Your assignment.
For the data that follows, print the line with "在保险专业学习的四年时光,徐", the line with "Velvet Carrot Pants", and all lines between them, exactly as they stand. Omit pictures and add nothing.

Working data.
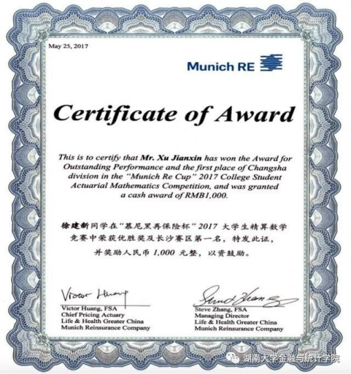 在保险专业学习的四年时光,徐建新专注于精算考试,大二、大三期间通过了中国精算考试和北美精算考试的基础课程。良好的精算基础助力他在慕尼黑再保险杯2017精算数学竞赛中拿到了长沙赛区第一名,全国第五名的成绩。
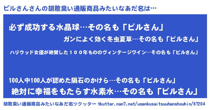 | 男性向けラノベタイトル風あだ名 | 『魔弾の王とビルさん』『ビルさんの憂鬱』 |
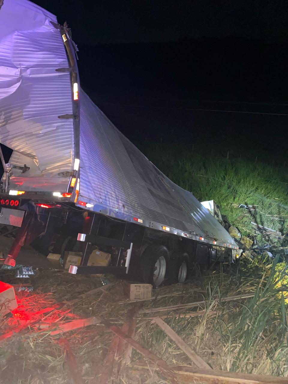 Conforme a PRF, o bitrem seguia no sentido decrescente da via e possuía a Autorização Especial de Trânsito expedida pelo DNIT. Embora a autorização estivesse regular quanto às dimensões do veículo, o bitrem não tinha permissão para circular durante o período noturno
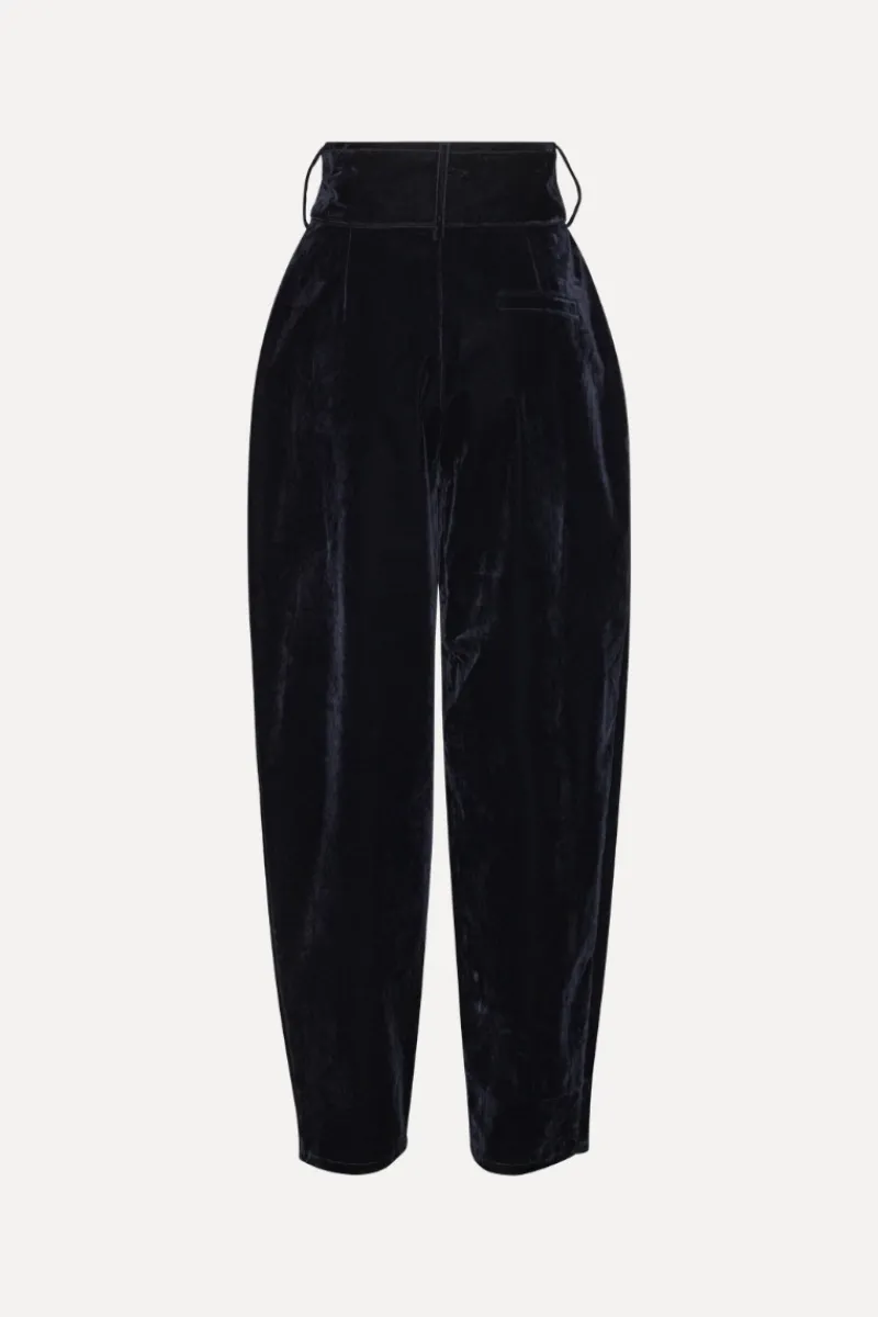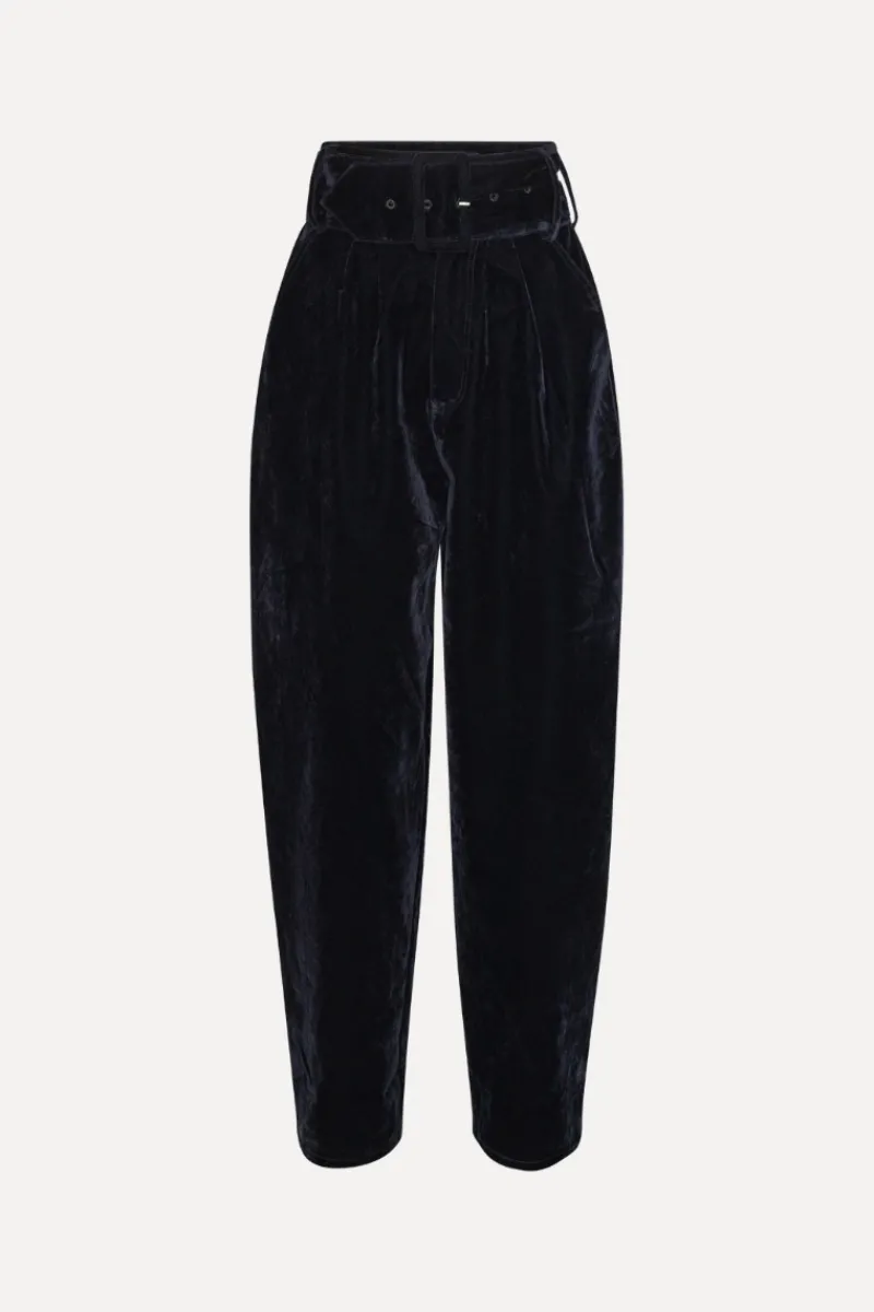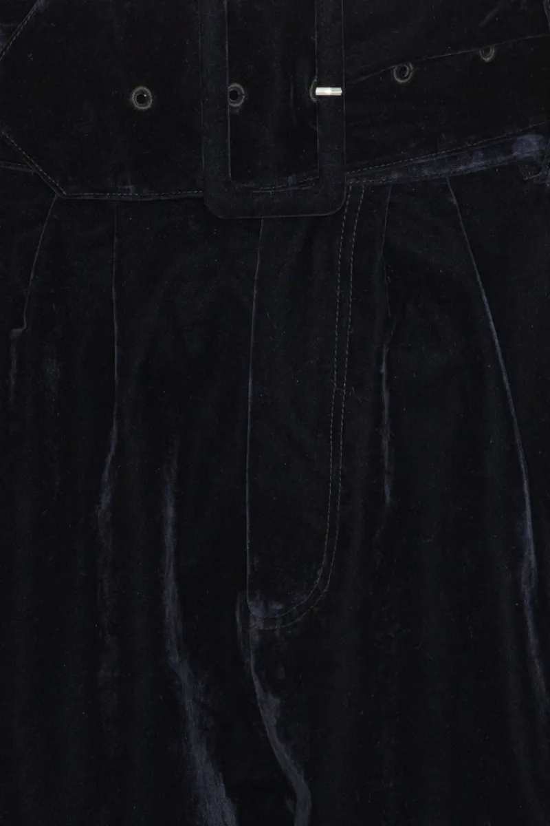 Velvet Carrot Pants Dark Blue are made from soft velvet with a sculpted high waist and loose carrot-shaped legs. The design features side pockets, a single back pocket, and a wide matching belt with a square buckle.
==
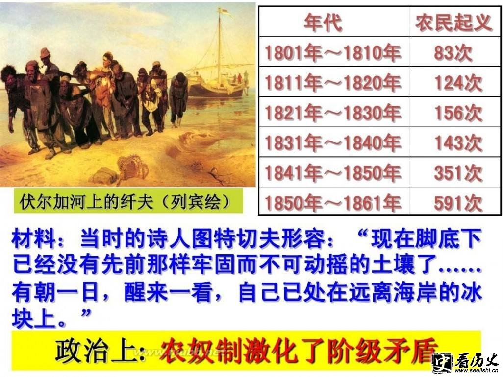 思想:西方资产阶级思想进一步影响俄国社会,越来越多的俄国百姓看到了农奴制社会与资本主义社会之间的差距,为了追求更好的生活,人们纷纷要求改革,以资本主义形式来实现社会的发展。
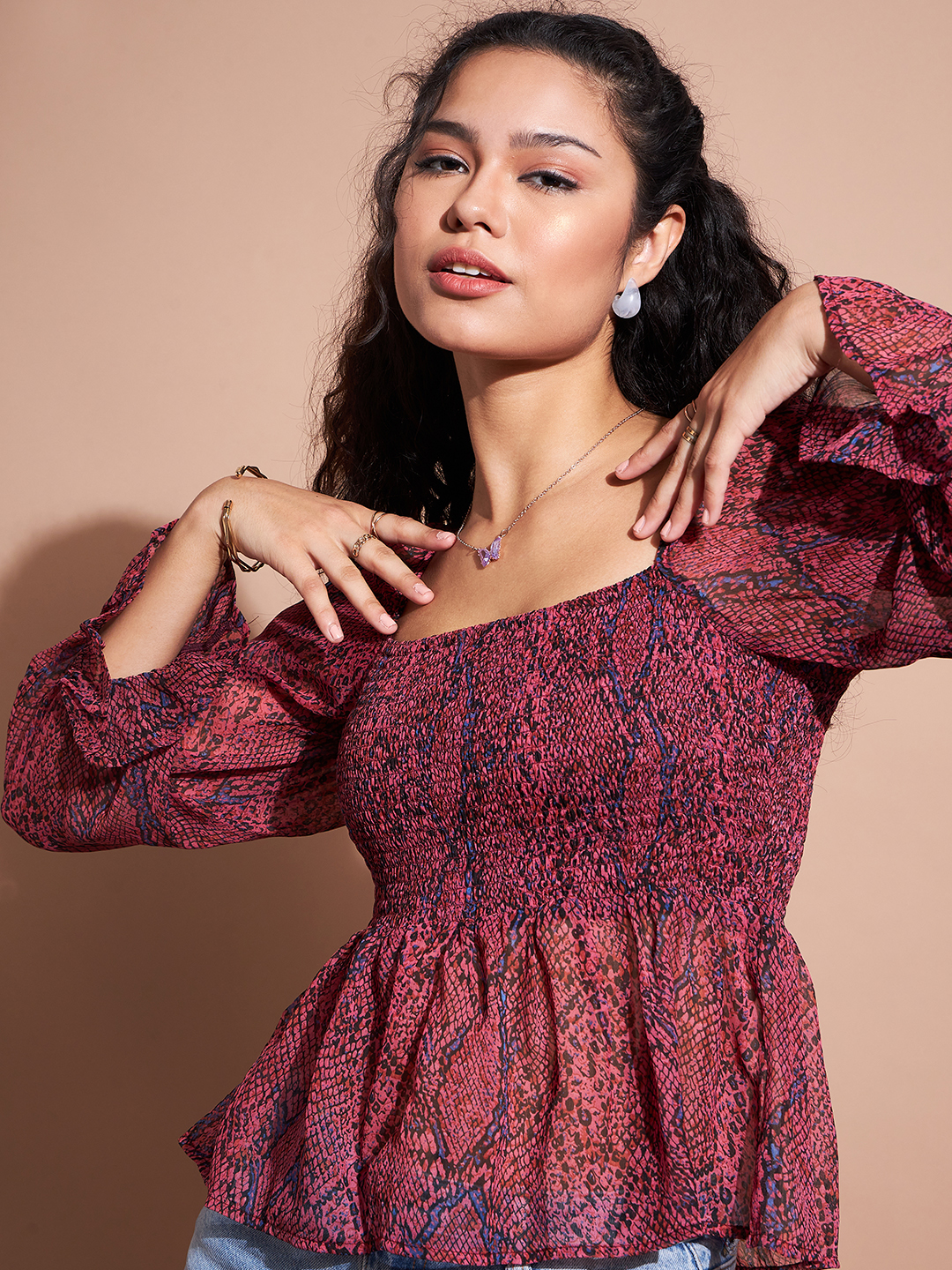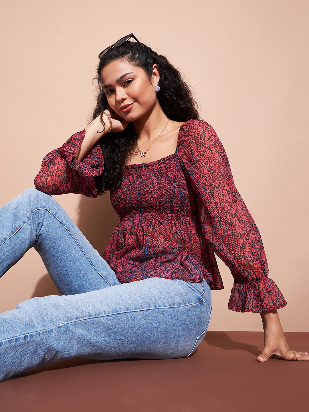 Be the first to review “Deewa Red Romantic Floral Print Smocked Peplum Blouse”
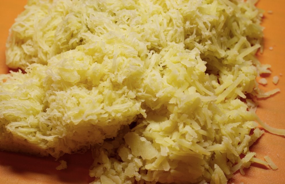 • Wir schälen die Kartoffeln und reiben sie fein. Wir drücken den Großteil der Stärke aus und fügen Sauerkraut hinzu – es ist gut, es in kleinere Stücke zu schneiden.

Output for this exercise.
 在保险专业学习的四年时光,徐建新专注于精算考试,大二、大三期间通过了中国精算考试和北美精算考试的基础课程。良好的精算基础助力他在慕尼黑再保险杯2017精算数学竞赛中拿到了长沙赛区第一名,全国第五名的成绩。
 | 男性向けラノベタイトル風あだ名 | 『魔弾の王とビルさん』『ビルさんの憂鬱』 |
 Conforme a PRF, o bitrem seguia no sentido decrescente da via e possuía a Autorização Especial de Trânsito expedida pelo DNIT. Embora a autorização estivesse regular quanto às dimensões do veículo, o bitrem não tinha permissão para circular durante o período noturno
 Velvet Carrot Pants Dark Blue are made from soft velvet with a sculpted high waist and loose carrot-shaped legs. The design features side pockets, a single back pocket, and a wide matching belt with a square buckle.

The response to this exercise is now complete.